These constituents are constituents that, to FDA’s current thinking, potentially could cause health hazards depending on the level, absorption, or interaction with other constituents. FDA intends to establish a revised list of harmful and potentially harmful constituents (HPHCs) that include HPHCs in ENDS products in the Federal Register, issue guidance regarding constituent reporting (i.e., harmful or potentially harmful constituent (HPHC) reporting) under section 904(a)(3) of the FD&C Act, and later issue a testing and reporting regulation as required by section 915. While applicants should submit certain information about HPHCs as part of their applications, the requirement to submit HPHC listings under section 904 of the FD&C Act (21 U.S.C. 387d) is separate and distinct from the premarket review requirements under section 910. HPHC information submitted under section 904 will assist FDA in assessing potential health risks and determining if future regulations to address a product’s health risks are warranted.
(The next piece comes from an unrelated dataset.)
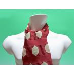 正絹の雨コート地の反物から作ったスカーフ・マフラーです。 男性用のアスコットタイとしてもお使いいただけますが、スカーフのため両端は剣先ではなく長方形になります。 新品の手作り品です。 正絹なのでとても軽くて暖かいです。 落ち着いた赤に大きな水玉模様です。 水玉の中は小さな格子模様です。 サイズは幅が約17.5センチ、長さは130〜135センチです。 手作り品のためサイズ及び模様の出方にはバラつきがありますので、ご容赦ください。 少し訳ありで全体に小さな汚れ、織傷もしくは色とびがある場合がありますがほとんどわかりません。

For PMTAs, FDA expects that applicants will report the levels of HPHCs as appropriate for each product, so the reported HPHCs will differ among different product categories. The Agency recommends that manufacturers consult with CTP’s Office of Science about what is appropriate in the context of a specific application.

For manufacturers of deemed products seeking to comply with the HPHC requirement, critical areas remain unclear, including (1) which HPHCs must be assessed, (2) whether such HPHCs will need to be identified in the e-liquid or tobacco itself or in the vapor/aerosol/smoke produced (particularly for open-system products), (3) what analytical methodologies and testing equipment should be used, and (4) the number of appropriate test samples and replicates, among other things. These are all issues that should be addressed in FDA’s Final HPHC Guidance, which could take several more months or longer to be finalized (especially considering that FDA will be transitioning to a new Commissioner).  At that point, pursuant to FDA’s announced extension, large and small tobacco product manufacturers must submit HPHC reports for their products by six and nine months, respectively, thereafter.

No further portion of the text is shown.